-- Instructions for the task --
Any picture must be dropped, but each line of the data should be duplicated exactly.

-- Dataset content --

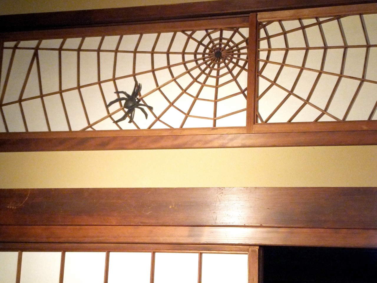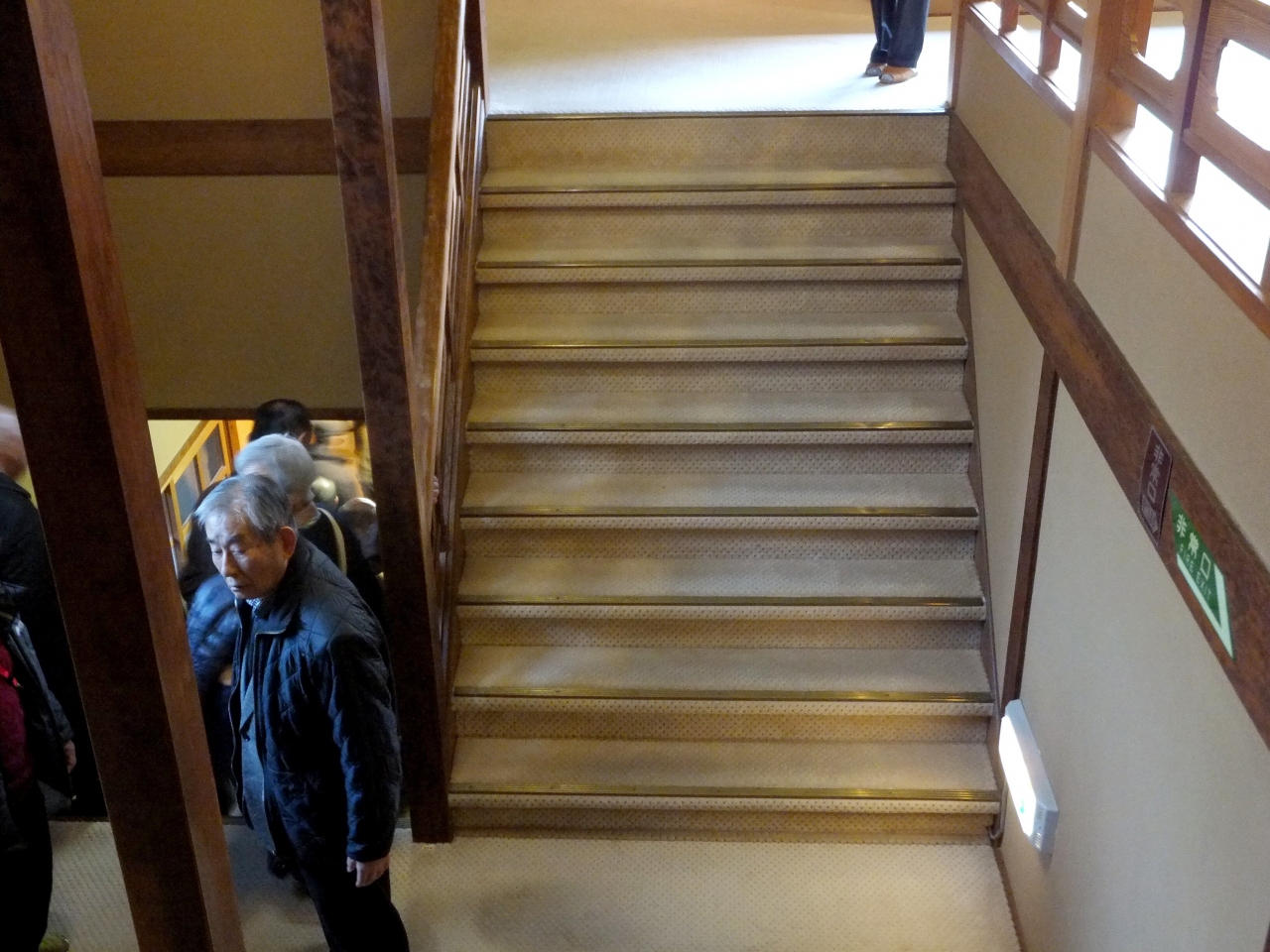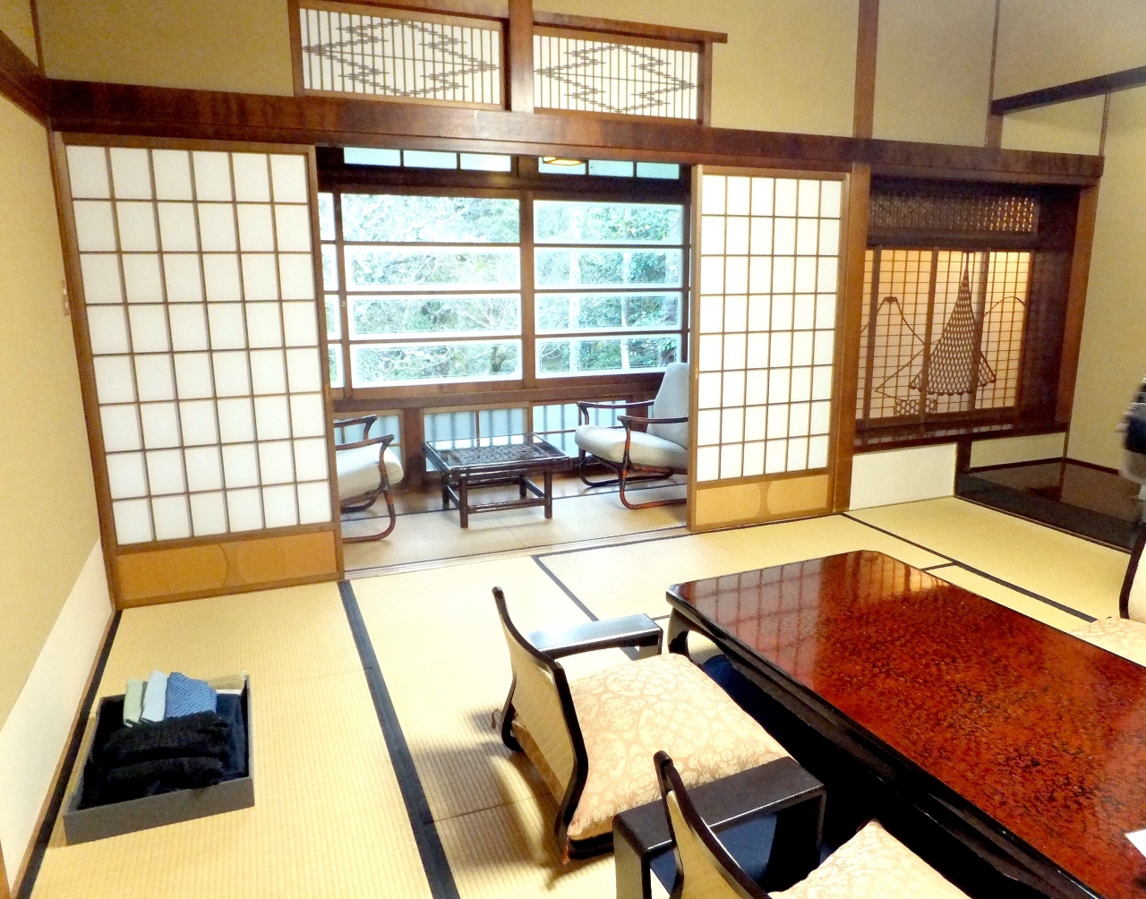 ご主人の案内で館内見物、まず玄関・大広間(紫檀の間床柱に紫檀を使用)階段・洋館・和室と欄間の竹を使つた模様(蜘蛛をあしらつた)和室の屏風(竹を使つた富士山と釣り)
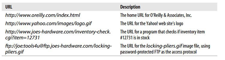 The uniform resource locator(URL) is the most common form of resource identifier. URLs describe the specific location of a resource on a particular server. They tell you exactly how to fetch a resource from a precise, fixed location. Figure 1-4 shows how a URL tells precisely where a resource is located and how to access it. Table 1-1 shows a few examples of URLs.
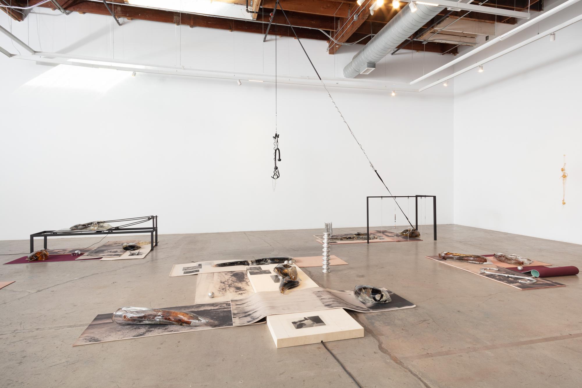 2023–2024년의 ‘L’Oriental’ 시리즈와 ‘I Was Placebo’ 시리즈에서 유해나는 물성 실험의 방향을 다시 유리·알코올·약재·장신구·의료기구 등으로 좁히며, 보존과 부패·욕망과 치료·신체와 기계가 충돌하는 조형적 언어를 발전시킨다. 특히 ‘I Was Placebo’의 유리 구체는 의료용 가위·집게·리트랙터가 유기물과 접촉하는 구조를 통해, 신체를 다루는 의료 장면과 사적 욕망의 물질성을 하나의 용기 안에 묶어낸다. 《Self Love Club》에서는 요가 매트, 마사지 기구, 운동 도구, 허브·버섯·보충제 등 웰니스 산업의 물질들이 조형의 표면과 구조로 확장되며, 몸·산업·역사가 혼란스럽게 뒤얽히는 감각적 환경을 구성한다.

-- Response below --
 ご主人の案内で館内見物、まず玄関・大広間(紫檀の間床柱に紫檀を使用)階段・洋館・和室と欄間の竹を使つた模様(蜘蛛をあしらつた)和室の屏風(竹を使つた富士山と釣り)
 The uniform resource locator(URL) is the most common form of resource identifier. URLs describe the specific location of a resource on a particular server. They tell you exactly how to fetch a resource from a precise, fixed location. Figure 1-4 shows how a URL tells precisely where a resource is located and how to access it. Table 1-1 shows a few examples of URLs.
 2023–2024년의 ‘L’Oriental’ 시리즈와 ‘I Was Placebo’ 시리즈에서 유해나는 물성 실험의 방향을 다시 유리·알코올·약재·장신구·의료기구 등으로 좁히며, 보존과 부패·욕망과 치료·신체와 기계가 충돌하는 조형적 언어를 발전시킨다. 특히 ‘I Was Placebo’의 유리 구체는 의료용 가위·집게·리트랙터가 유기물과 접촉하는 구조를 통해, 신체를 다루는 의료 장면과 사적 욕망의 물질성을 하나의 용기 안에 묶어낸다. 《Self Love Club》에서는 요가 매트, 마사지 기구, 운동 도구, 허브·버섯·보충제 등 웰니스 산업의 물질들이 조형의 표면과 구조로 확장되며, 몸·산업·역사가 혼란스럽게 뒤얽히는 감각적 환경을 구성한다.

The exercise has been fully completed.